------ INFORMATION SUPPLIED

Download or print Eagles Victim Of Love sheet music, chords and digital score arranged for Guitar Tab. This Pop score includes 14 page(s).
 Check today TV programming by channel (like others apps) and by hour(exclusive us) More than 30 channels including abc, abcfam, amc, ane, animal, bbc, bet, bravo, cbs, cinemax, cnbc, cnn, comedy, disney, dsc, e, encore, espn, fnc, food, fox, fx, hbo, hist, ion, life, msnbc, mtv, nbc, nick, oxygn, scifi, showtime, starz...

------------
------ INFORMATION SUPPLIED

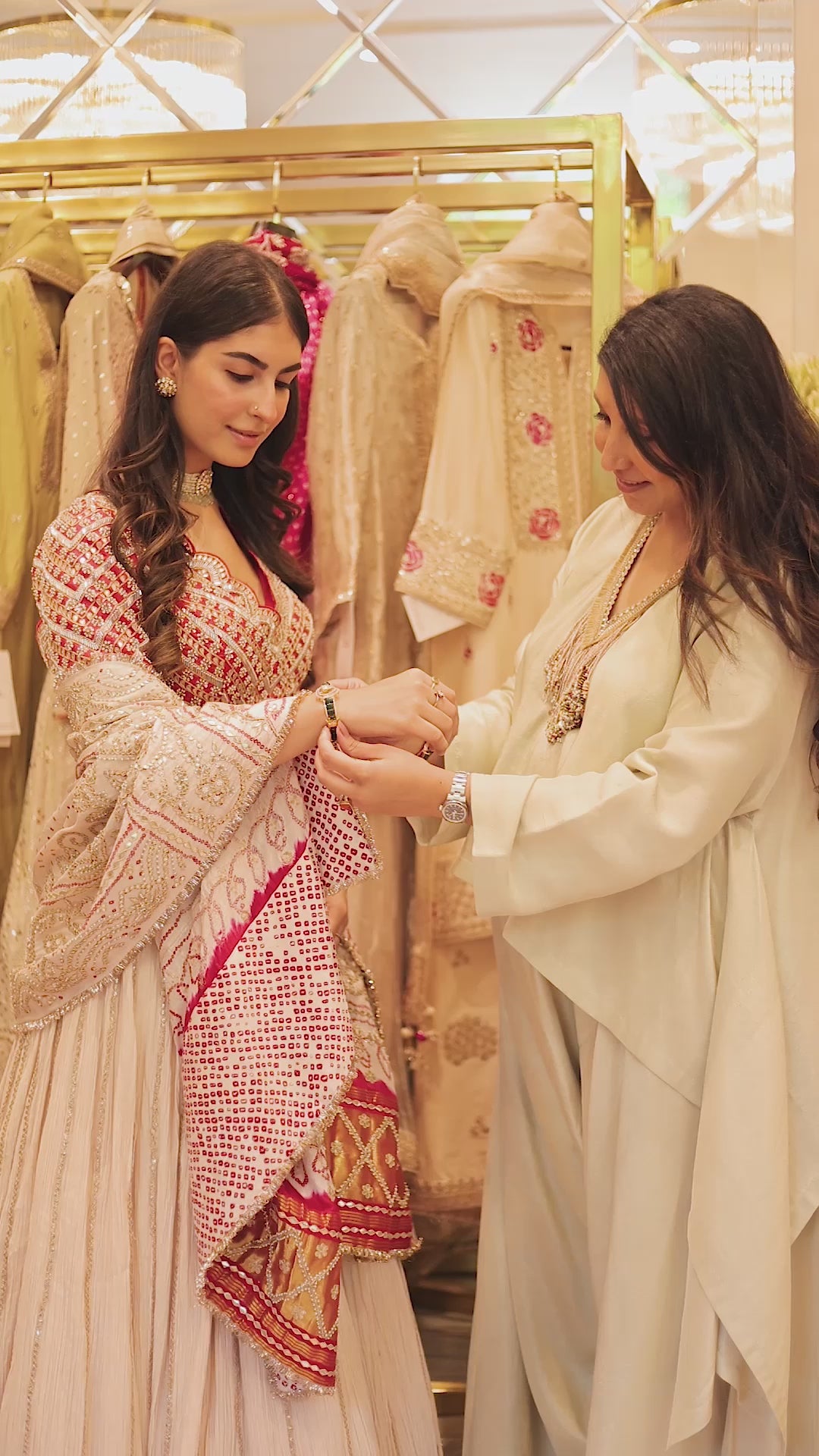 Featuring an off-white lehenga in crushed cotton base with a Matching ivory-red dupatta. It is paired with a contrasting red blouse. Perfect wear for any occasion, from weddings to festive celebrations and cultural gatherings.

------------

PROBLEM DETAILS.
All that is wanted is the stretch of lines above from the one containing "Download or print" through the one containing "Check today TV", duplicated exactly.

OUTPUT OF THE EXERCISE.
Download or print Eagles Victim Of Love sheet music, chords and digital score arranged for Guitar Tab. This Pop score includes 14 page(s).
 Check today TV programming by channel (like others apps) and by hour(exclusive us) More than 30 channels including abc, abcfam, amc, ane, animal, bbc, bet, bravo, cbs, cinemax, cnbc, cnn, comedy, disney, dsc, e, encore, espn, fnc, food, fox, fx, hbo, hist, ion, life, msnbc, mtv, nbc, nick, oxygn, scifi, showtime, starz...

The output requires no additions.